Open Source Communities as Social Business in Action

By Cheryl McKinnon posted 09-13-2011 07:21


While some goals and aspirations of Social Business seem new to many organizations, they are not new in the software world. The fundamentals of a successful open source development project are often identical to the goals identified by “Enterprise 2.0” or “Social Enterprise” champions.

  • Transparent and collaborative work
  • Engaging distributed teams across geographies and timezones
  • Celebration of contribution regardless of title or background
  • Innovative use of online technologies to communicate and share content
  • Rules of engagement and moderation
  • Peer to peer help, mentoring, knowledge management and preservation of corporate memory

While most readers of the AIIM Expert blogs are not programmers, there is value in digging into how open and collaborative software development projects work. We can identify and document common practices that can be applied to any type of professional online community.

Over the last few weeks, I've had some great conversations and listened to some brilliant speakers talk about community management in open source. The amazing Clay Shirky delivered a keynote at least month's LinuxCon. Shirky used the term “structured fighting” label to describe community. A successful community is not a lovefest or fanboi club; it is a group of users and developers who have skin in the game. As coders, bug reporters, beta testers, translators or proofreaders. Civilization – as well as good technology – “comes from more people pooling resources in new ways”, according to Shirky. “After arguing about it for a really long time”, he added.

Schulich School of Business PhD candidate Mekki MacAulay presented some of his research on "community" at a recent developer conference I attended.

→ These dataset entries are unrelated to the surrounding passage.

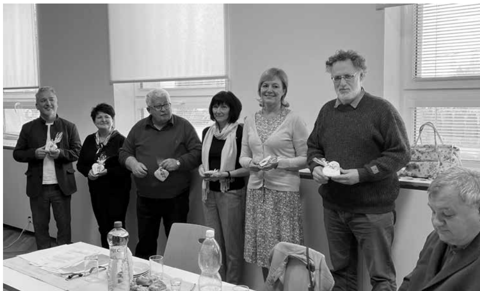
Poděkování členům krajské hodnotitelské komise SVR 2022

Volební valná hromada SPOV Moravskoslezského kraje, která se uskutečňuje jednou za 4 roky, se bude konat 16. února 2023 v konferenčním sále Muzea potravin a zemědělských strojů v Dolní oblasti Vítkovic.
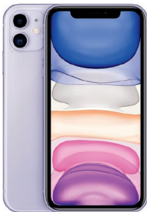
iPhone 11, 256GB Morado
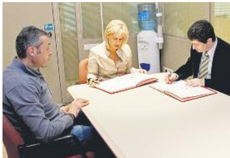
Moment de la signatura del conveni.

La quantitat econòmica que han rebut els comerciants servirà per cofinançar aspectes com ara activitats i campanyes organit-
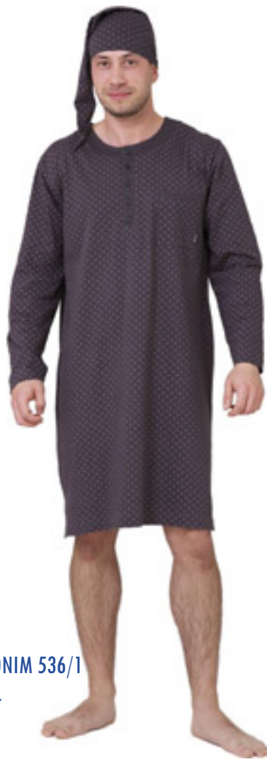
HIERONIM 536/1 M-4XL
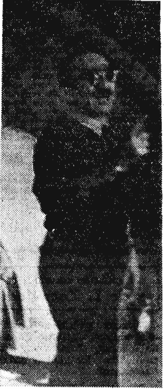
Na zdjęciu: Reżyser Aleksander Ford „na planie”.

He described some his findings after an extensive survey of community leaders across several open source software projects. He focused on the density of community (ie, the balance between core developers and more peripheral observers) and the factors that “pushed” or “pulled” participation levels.

Some practices, according to MacAulay are adaptive, meaning that they change in order to attract or accommodate new participants or scenarios. Other practices are recursive, meaning the tendency is to stick with existing procedures even when new situations or challenges are faced. The research findings described how each type of practice resulted in a change in community density: pulling more people from periphery into core contributor mode, or pushing them away from it. These are practices that could fit in any knowledge management primer. Cultivation of mentorship, the communication of tradition, inclusiveness, offering a range of participation options, encouraging apprenticeship, celebrating innovation: all characteristics of successful communities.

After digesting the theoretical, I wanted to get some validation from the real world. Nicolas Pastorino manages the community for eZ Publish, an open source web content management product. He's blogged recently about his vision of community engagement, role of the manager, and how success can be measured. When we talked about community in the open source software space, once again it was clear that these goals are universal to any purposeful group of collaborators. Pastorino sees his mission as that as enabler, communicator, information broker across a very diverse group of developers and web content specialists. Goals for a community manager include:

  • Speeding up the learning curve for new participants
  • Creating guides and tutorials for contributors at both beginner and advanced levels
  • Defining meaningful reputation and participation metrics for members
  • Supporting local user groups and in-person activities
  • Setting engagement measurements and goals to monitor community health and activity
  • Ensuring diverse users can find and subscribe to specific content through a variety of channels (discussion forums, mailing lists, RSS, Twitter, IRC, blog posts, GitHub).

Communication, facilitation, moderation, building connections and relationships: core functions of a community manager in any area of business, but found pervasively in the world of open source. Organizations wanting to practice social business and really embrace the community, owe it to themselves to understand the successful tactics used by open source projects.